- Theatrical film poster
- Directed by: Mae Cruz-Alviar
- Screenplay by: Mia Bacarro; Margarette Labrador; King Palisoc; Ricardo Fernando III; Generiza F. Reyes;
- Story by: Mia Bacarro; Margarette Labrador; King Palisoc;
- Produced by: Charo Santos-Concio; Malou N. Santos; Vic del Rosario Jr.;
- Starring: Anne Curtis; Sam Milby;
- Cinematography: Charlie Peralta
- Edited by: Marya Ignacio
- Music by: Jessie Lasaten
- Production companies: ABS-CBN Film Productions; VIVA Films;
- Distributed by: Star Cinema; VIVA Films;
- Release date: April 3, 2010;
- Running time: 101 minutes
- Country: Philippines
- Language: Filipino;
- Box office: ₱96 million

= Babe, I Love You =

Babe, I Love You is a 2010 Filipino romantic comedy film directed by Mae Cruz-Alviar and starring Anne Curtis and Sam Milby. It was produced by Viva Films and ABS-CBN Film Productions. This was Curtis' fourth movie after Wag Kang Lilingon (2006), Ang Cute ng Ina Mo! (2007) and When Love Begins (2008).

==Plot==
In the academe, Nicolas “Nico” Veneracion Borromeo is a highly esteemed History of Architecture professor who is on his way to becoming the next Vice Dean of the Department. He knows that achieving this would finally make his mother proud of him and forgive him for indirectly causing his father’s death.

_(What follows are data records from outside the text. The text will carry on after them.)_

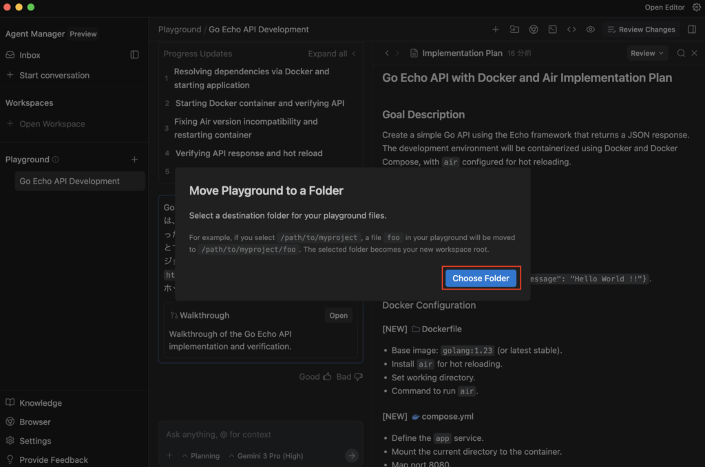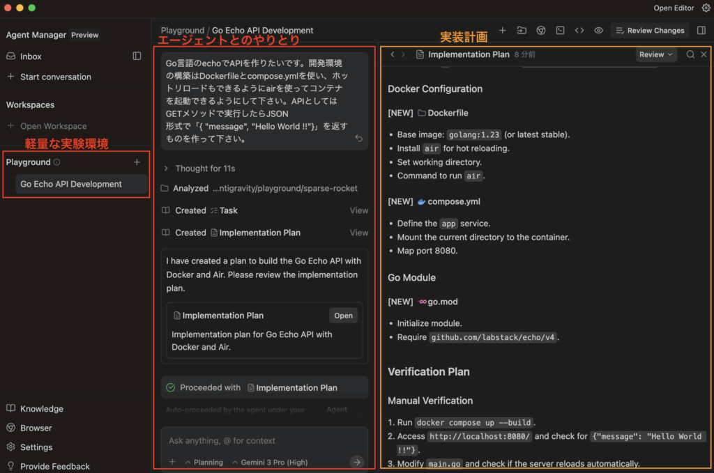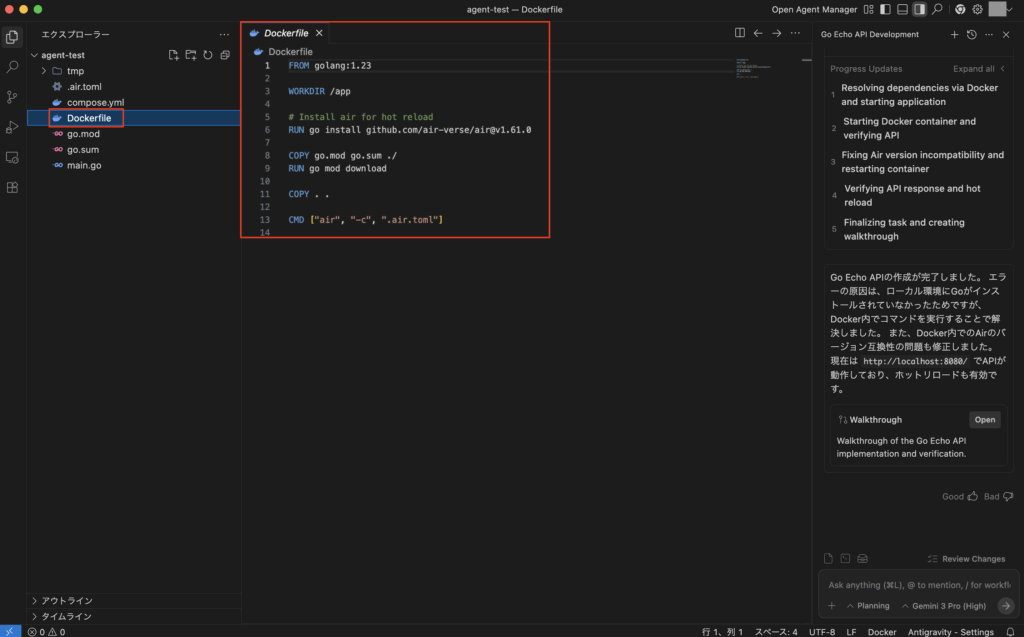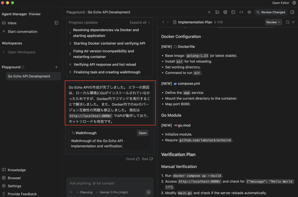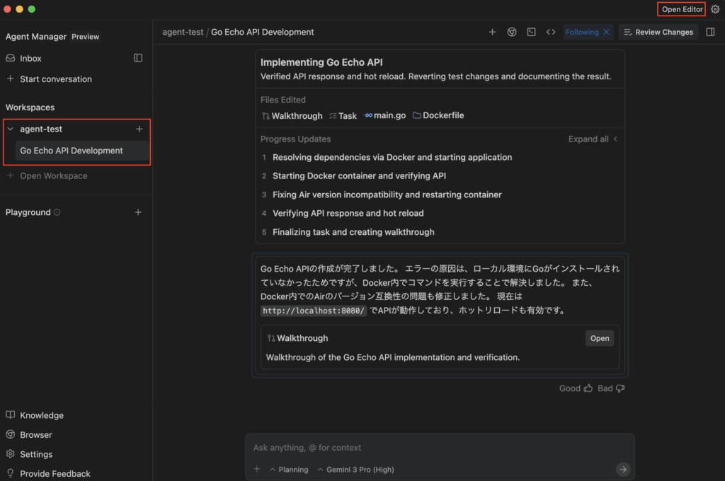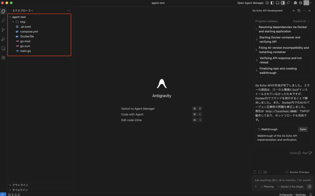 では試しにAgent Managerを利用してGo言語のechoでAPIを作ってみます。
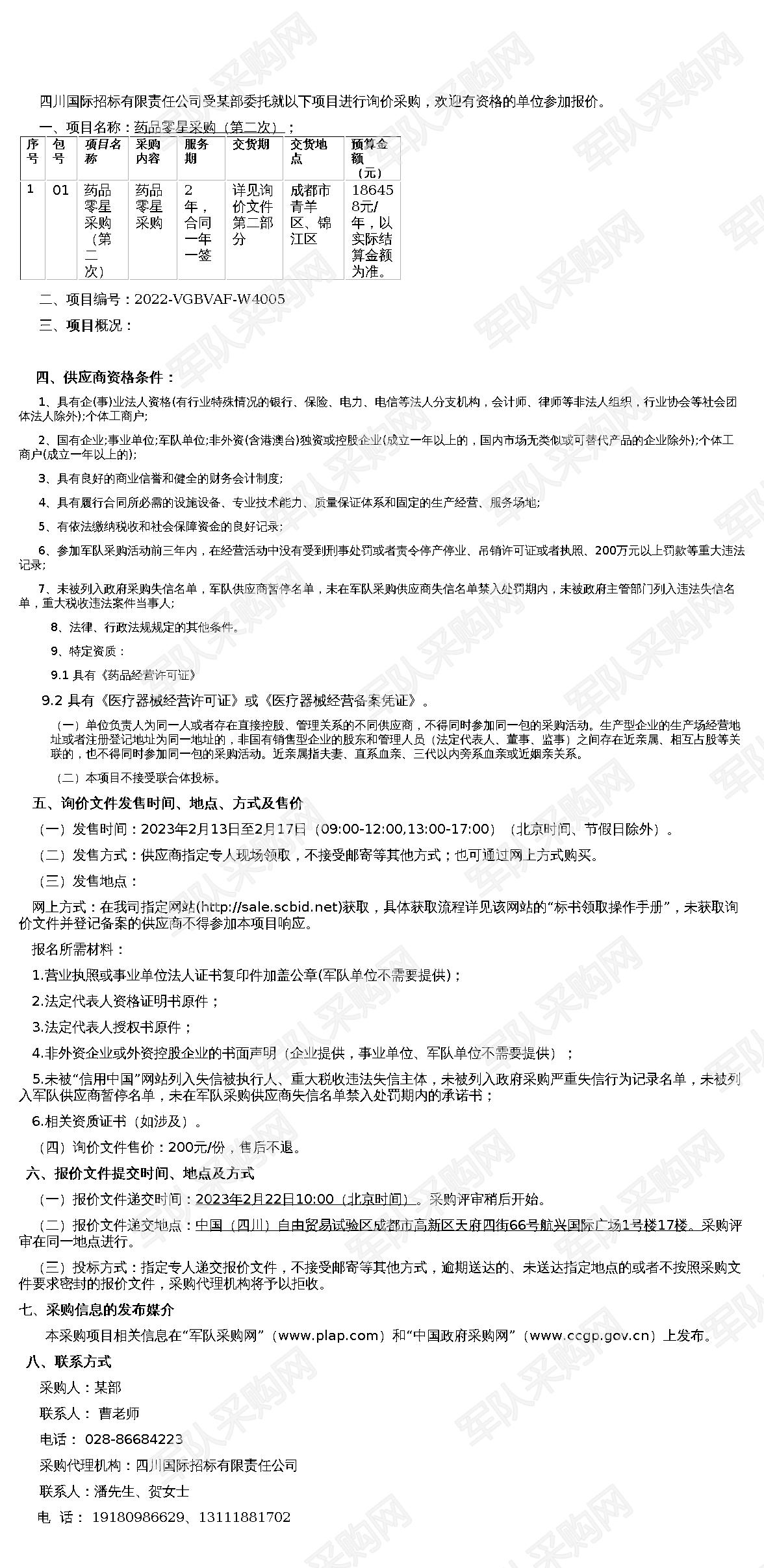 【军队采购】军队采购网某部药品零星采购(第二次)询价采购公告(2022-VGBVAF-W4005)
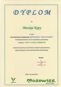 W grudniu nastąpiło rozstrzygnięcie konkursu. W kategorii „wiersz”wyróżnienie otrzymał uczeń za utwór pt. „Smog”
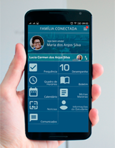 O aplicativo Família Conectada permite consultar seus dados escolares em tempo real, de maneira rápida e fácil. Ele é gratuito e está disponível para responsáveis e alunos de toda a Rede de Ensino.
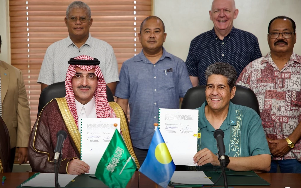 مباشر بنوك السعودية: وقّع الرئيس التنفيذي للصندوق السعودي للتنمية، سلطان المرشد، مع رئيس جمهورية بالاو، سورانجل ويبس جونيور؛ اتفاقية أول قرض تنموي مقدم من الصندوق لجمهورية بالاو بقيمة 15 مليون دولار.
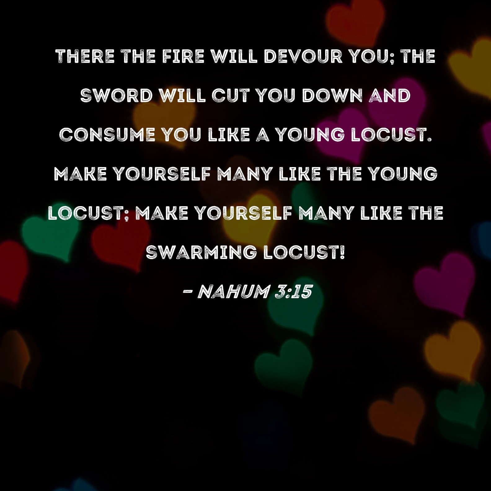 Nahum 3:15 There the fire will devour you; the sword will cut you down and consume you like a young locust. Make yourself many like the young locust; make yourself many like the swarming locust!
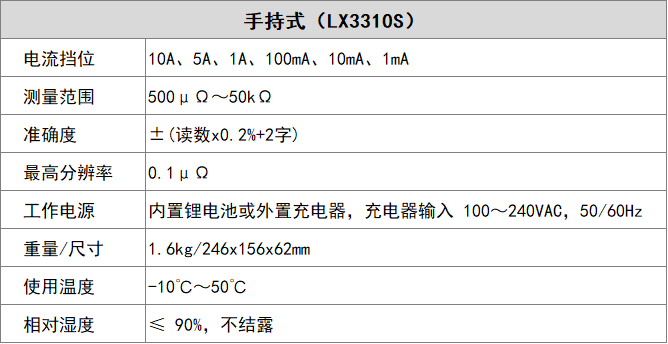 手持式直流电阻测试仪(LX3310S)
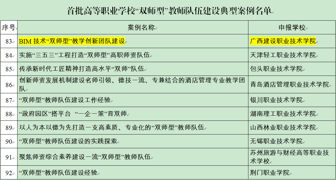 廣西建院5月7日訊(土木工程系 唐未平)近日,教育部教師工作司公布首批全國職業院校“雙師型”教師隊伍建設典型案例名單,廣西僅3所高職院校入選,其中,我校《BIM技術“雙師型”教學創新團隊建設案例》成功入選。 ...
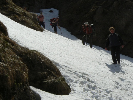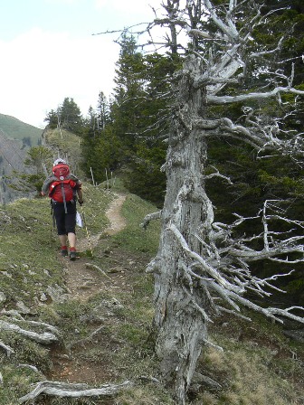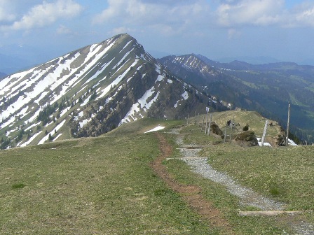 2. Tag: Pfingstsonntag, 23. Mai 2010: Nach einem perfekten Frühstück herzlicher Abschied von der Familie Wagner, zur Bushaltestelle Weißachmühle, mit der Hochgratbahn auf den Berg und weiter auf dem Pfad zwischen Himmel und Erde: Hochgrat (1834 m), Brunnenauscharte (1626 m), Rindalphorn (1821 m), Schneeabfahrt in die Gündlesscharte (1542 m), Gündleskopf (1748 m), Buralpkopf (1772 m), Sedererwände (1600 m), Sederer (1737 m), Stuiben (1749 m) mit versichertem und zum Teil verschneitem Abstieg und zuletzt der Steineberg (1683 m), macht zusammen 1010 Höhenmeter Anstieg und am Ziel in Gunzesried schließlich nach 15 km Höhenwanderung auch 1734 m Abstieg. Aber heute haben wir Zeit, keine Hochgratbahn zwingt uns zur Eile, die Blümchen am Wege, ausgiebige Genussrasten und die Fernsicht kommen zu ihrem Recht. Das Gasthaus zum *Goldenen Kreuz in Gunzesried erwartet uns ohne Zeitbegrenzung! Wirt Bernhard weiß, dass wir kommen.

And yet, when he meets an unconventional girl named Sandra “Sasa” Sanchez, his world turns upside down. He never thought that he could fall in love with someone who works as a promo-girl and is obviously unacceptable in his life.

==Cast==
- Anne Curtis as Sandra "Sasa" Sanchez
- Sam Milby as Nicolas "Nico" Veneracion Borromeo
- Megan Young as Gaita Veneracion Borromeo
- AJ Perez † as Gian Veneracion Borromeo
- Guji Lorenzana as Jet
- Kitkat as Agnes
- Nikki Valdez as Chrissy
- Thou Reyes as BemBem
- Nikki Bacolod as KengKeng
- Angel Sy as TamTam
- CJ Jaravata as Tere
- Nicole Uysiuseng as Chloe
- Cheska Ortega as Ms. Wiez
- Niña Dolino as Monique
- Ricardo Cepeda as Bobby
- Shamaine Buencamino as Margarita
- Tetchie Agbayani as Lala Sanchez
- Leo Rialp as Dean Kintanar
- Laurice Guillen as Isabel Veneracion-Borromeo
- Roden Araneta † as Ibarra Gonzales

==Production==
Film production started in 2009. The first teaser was released through Star Cinema's official YouTube account. The teaser was also shown in the theaters with Miss You Like Crazy. On March 11, 2010, a music video of the film was released again on Star Cinema's official YouTube account. It showed the singer of the theme song, Piolo Pascual and some scenes from the film.

==Reception==
===International screenings===
Babe, I Love You was shown in select United States cities such as San Francisco, Cerritos, California, San Diego, Los Angeles, Las Vegas, Seattle, Chicago, Bergenfield, Honolulu and Guam. It also had screenings in Ontario, Abu Dhabi, Doha and Dubai.

===Box office===
This film was released on April 3, 2010 and it grossed ₱12 million pesos in its first day. As of May 2, 2010, the film grossed ₱96.34M, overtaking the Columbia Pictures with The Bounty Hunter, according to Box Office Mojo.